In this paper we consider the possible dependence of the market price of risk on time and interest rates. This fact gives as a result that the risk-neutral drift, which is one of the coefficients of the pricing equation, also depends on time and interest rates. Then, we estimate the risk-neutral drift directly from the slope of the yield curve. This approach is very accurate as we show with a numerical experiment. In order to obtain the term structure we also propose a suitable finite difference method, which converges to the true solution. Finally, we obtain and compare the yield curves with data from the US Treasury Bill market.
The term structure of interest rates has fascinated generations of researchers, [1], [2], [3] and [4]. This fact should not come as a surprise. An understanding of the stochastic behavior of interest rates is important for the conduct of the monetary policy, the public debt management, the expectations of the real economy activity and inflation, the risk management of a portfolio of securities, and the valuation of interest rate derivatives, [5].
This paper focuses attention on one-factor short rate models. Although they have several shortcomings, they are still very attractive for academics and practitioners. They promise to offer stable and consistent models, with parsimonious structure for the fundamental behavior of interest rates and term structure.
In the empirical implementation of the one-factor models there is only one state variable, the instantaneous interest rate. However when we use the Theory of Arbitrage we also need to use the risk-neutral probability or equivalently, the market price of risk which is unobservable. Traditionally, this function has been considered arbitrary and even constant to find a closed-form solution. However, this fact can lead to misspecification.
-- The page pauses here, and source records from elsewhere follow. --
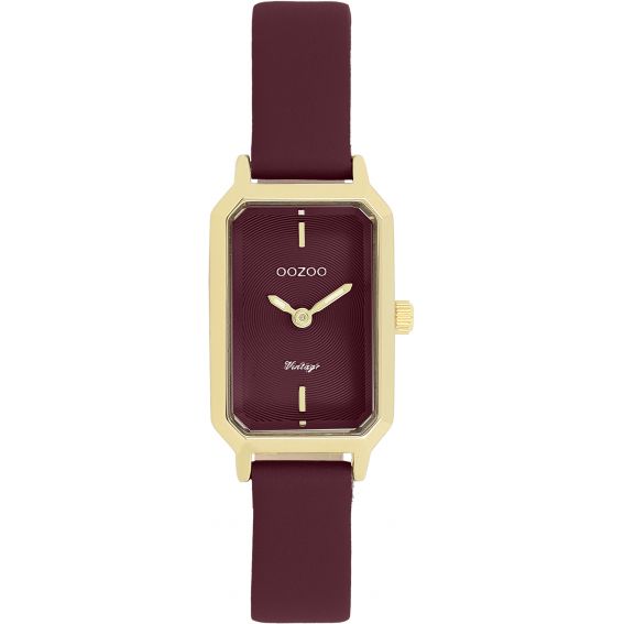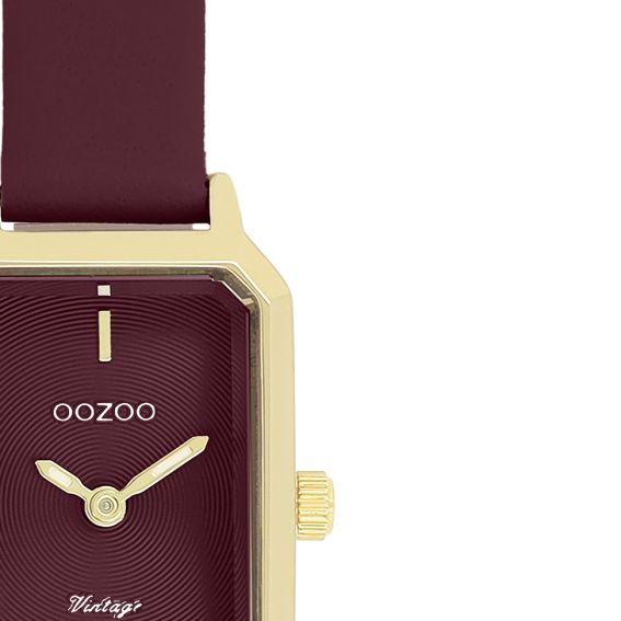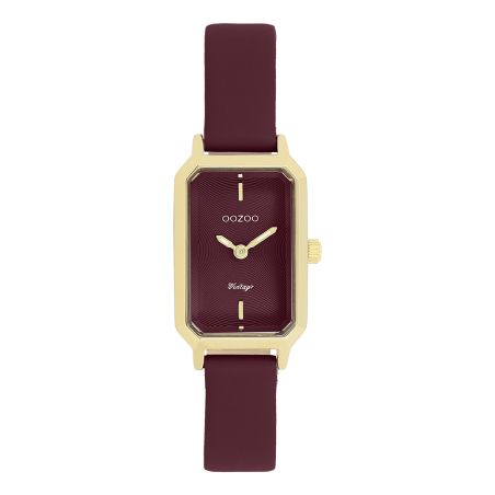 Intense and refined, this women's watch is distinguished by its deep burgundy leather strap , combined with a rectangular gold case with elegant lines.
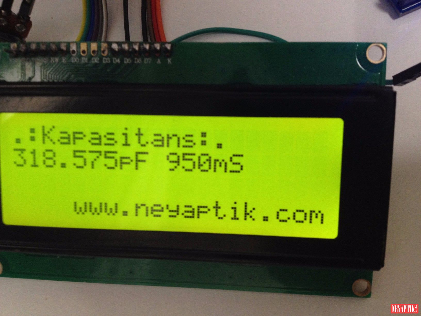 #includeLiquidCrystal lcd(12, 11, 5, 4, 3, 2); //istediğiniz gibi ayarlayabilirsiniz. const int OUT_PIN = A2; const int IN_PIN = A0; const float IN_STRAY_CAP_TO_GND = 24.48; const float IN_CAP_TO_GND = IN_STRAY_CAP_TO_GND; const float R_PULLUP = 34.8; const int MAX_ADC_VALUE = 1023; void setup() { pinMode(OUT_PIN, OUTPUT); pinMode(IN_PIN, OUTPUT); lcd.begin(20, 4); //16x2 lcd için 16, 2 yapın burayı lcd.setCursor(0,0); lcd.print(F(".:Kapasitans:.")); } void loop() { pinMode(IN_PIN, INPUT); digitalWrite(OUT_PIN, HIGH); int val = analogRead(IN_PIN); digitalWrite(OUT_PIN, LOW); if (val < 1000) { pinMode(IN_PIN, OUTPUT); float capacitance = (float)val * IN_CAP_TO_GND / (float)(MAX_ADC_VALUE - val); lcd.setCursor(0,1); lcd.print(capacitance, 3); lcd.print(F("pF ")); lcd.print(val); lcd.print("mS"); } else { pinMode(IN_PIN, OUTPUT); delay(1); pinMode(OUT_PIN, INPUT_PULLUP); unsigned long u1 = micros(); unsigned long t; int digVal; do { digVal = digitalRead(OUT_PIN); unsigned long u2 = micros(); t = u2 > u1 ? u2 - u1 : u1 - u2; } while ((digVal < 1) && (t < 400000L)); pinMode(OUT_PIN, INPUT); val = analogRead(OUT_PIN); digitalWrite(IN_PIN, HIGH); int dischargeTime = (int)(t / 1000L) * 5; delay(dischargeTime); pinMode(OUT_PIN, OUTPUT); digitalWrite(OUT_PIN, LOW); digitalWrite(IN_PIN, LOW); float capacitance = -(float)t / R_PULLUP/ log(1.0 - (float)val / (float)MAX_ADC_VALUE); lcd.setCursor(0,0); lcd.print(F("Capacitance = ")); if (capacitance > 1000.0) { lcd.setCursor(0,1); lcd.print(capacitance / 1000.0, 2); lcd.print(F("uF ")); lcd.print(val); lcd.print("mS"); } else { lcd.setCursor(0,1); lcd.print(capacitance, 2); lcd.print(F("nF ")); lcd.print(val); lcd.print("mS"); } } while (millis() % 1000 != 0); }
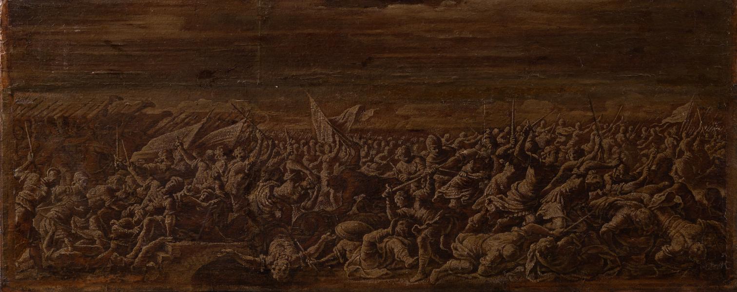 The painting "Battle Between Romans and Barbarians" was initially attributed to an unknown artist when the Gallery received it. Later, it was attributed to Polidoro da Caravaggio. However, the authorship was eventually established to be that of Marco Antonio Bassetti based on analogies in his Royal Collection of Windsor sketches. Such monochrome compositions on ancient history and mythology themes, executed in oil on paper, were not merely preparatory sketches – contemporaries interpreted them as independent works. Bassetti primarily painted such pictures during the winter, and they were popular among foreigners travelling to Verona. The "Battle Between Romans and Barbarians" artwork was created using the grisaille technique, common in the late sixteenth-century Venetian School. The painting depicts a large group of warriors during the battle. The foreground portrays duels, while the centre showcases four camps. In the background, there are warriors with spears. Using colour and shading creates an effect of relief painting in an ancient style.
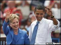 Mas, para mim, o sintoma mais evidente foi outro. Em um evento de campanha de Hillary no final de semana, na cidade de Grafton, na Virgínia Ocidental, nenhum dos célebres âncoras da televisão americana deu o ar de sua graça. A única celebridade presente era uma que a campanha de Hillary provavelmente preferia que não estivesse por lá. O entrevistador "de mentirinha" Jason Jones, do humorístico Daily Show. No esquete gravado por Jason, uma jornalista local entrevistava um potencial eleitor, ele chegava por trás, colocava seu paletó sobre os ombros da moça e dizia: "Querida, vamos embora. Tudo acabou". Um empate com sabor de derrota Barack Obama e Hillary Clinton saíram cada um com uma vitória das primárias de Indiana e Carolina do Norte. Mas a impressão de que o desfecho foi um mero empate entre os dois candidatos é enganosa. Hillary precisava vencer por ampla margem em Indiana, para seguir com chances na disputa. Ter chegado à frente do rival por 2% foi mais que um resultado decepcionante.
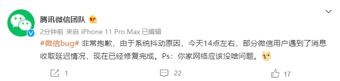 非常抱歉,由于系统抖动原因,今天 14 点左右,部分微信用户遇到了消息收取延迟情况,现在已经修复完成。

The aim of this paper is to analyze the effect on the market price of risk dependence on time and interest rate on the yield curves. The cost of considering more realistic functions in the model is that a closed-form solution is not known. However this is not a problem because we propose an efficient numerical method to provide an accurate approximated solution for the term structure problems. Moreover, we propose to estimate the short rate risk-neutral drift directly from the slope of the yield curve. Therefore, we have to estimate neither the interest rate drift nor the market price of risk. This fact reduces the misspecification of these functions, the computational cost of the model and finally, the term structure errors.
The rest of the paper is organized as follows. Section 2 briefly describes a term structure model with one stochastic variable, the instantaneous interest rate. Then, we show some of the most well-known models in the term structure literature, [2] and [6]. Moreover we propose some generalizations for the market price of risk of these models. As a consequence, we obtain some new models that we call MODCIR and MODCKLS, respectively. In Section 3 we show an efficient approach to estimate the risk-neutral drift directly from data in the markets. Furthermore, we make a numerical experiment to show the properties of this approach. In Section 4 we propose a finite difference method to solve the pricing equation when a closed-form solution is not known and we show some properties as its convergence. In Section 5, we estimate the parameters of traditional [2] and [6], and new MODCIR and MODCKLS models from recent US Treasury Bill data and we obtain the yield curves. We conclude in Section 6.
Traditionally in the literature of the term structure, the interest rate process and the market price of risk have been chosen in terms of simplicity and tractability. For example, the CIR model is affine. In the literature, there is a high array of papers trying to explain which process explains the behavior of the interest rates more precisely, for example [6]. In contrast, there is scarcely evidence of papers trying to explain which process explains more accurately the behavior of the market price of risk or equivalently, the risk-neutral drift. However, the risk-neutral drift is one of the two coefficients of the pricing equation and a key element in the Theory of Arbitrage [8].
The main conclusions that we can draw from this paper are the following. First it is not necessary to estimate either the drift of the interest rates or the market price of risk; it is enough to estimate the risk-neutral drift. This approach allows us to reduce the errors and the computational cost as we showed in Section 3 by means of a numerical experiment.
Secondly, it is not necessary to choose the functions of the model in order to know a closed-form solution for the pricing equation. We propose an efficient numerical method which provides an approximated solution that converges to the exact one.
Finally, from the empirical analysis of recent US Treasury data, we show that considering the market price of risk dependence on time as well as interest rates provides more accurate yield curves when interest rates are not too low. Furthermore, we also show that the risk-neutral drift of the short rates has a higher influence than the volatility in the pricing equation.